In particular, it is reasonable for streams to cache quite a few values
obtained from a locale to improve the overall performance. As a result,
you might consider to use a separate stream writing to the same destination
but with a different locale, eg.:
std:
stream ecout(std::cout.rdbuf());
ecout.imbue(std::locale("English"));
ecout << "english: " << 10000 << "\n";
std::cout << "normal: " << 10000 << "\n";
Since creation of streams themselves is also relatively expensive, you
might want to keep the additional stream around rather than creating it
each time around (which would probably be more expensive than switching
locales).
Also, the names for the named locales are not specified by the standard.

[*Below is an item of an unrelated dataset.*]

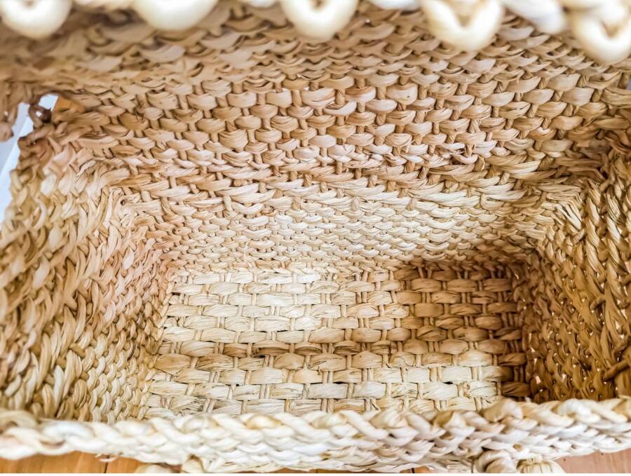 Espaçosa e leve, é ideal para acomodar alimentos e bebidas com praticidade. Confeccionada com fibras naturais de palha de milho trançadas à mão, possui textura firme, aparência natural e design agradável, perfeita para passeios em praias, piscinas ou parques.

Of course, you can figure out which locales are around when porting your
application to another compiler/library but for portable code you would
probably create an own locale with a specialized 'std::numpunct<char>'
facet. Here is a brief code example (entirely untested, however...):
#include <locale>
class mynumpunct:
public std::numpunct<char> {
std::string do_grouping() const {
char group[] = { 3, 0 };
return group;
}
};
int main() {
std::locale myloc(std::locale(), new mynumpunct);
std::cout.imbue(myloc);
// ...
}
Actually, you can do funny things with the grouping: it does not have to
be the same amount of characters every time! For example, if 'group'
would be initialized like
char group[] = { 1, 2, 3, 0 };
you would get "1,234,56,7" when printing "1234567" (as an integer, that is;
grouping is not applied to strings, of course).
also, from your quotation, if i add one more cout line after cout << 12345
<<'\n';
i.e. cout << 543532 << '\n';
there will be runtime error.......what's up ??
This seems to be an error somewhere in the code you use: there should be
no problem using 'std::cout' even with a modified locale.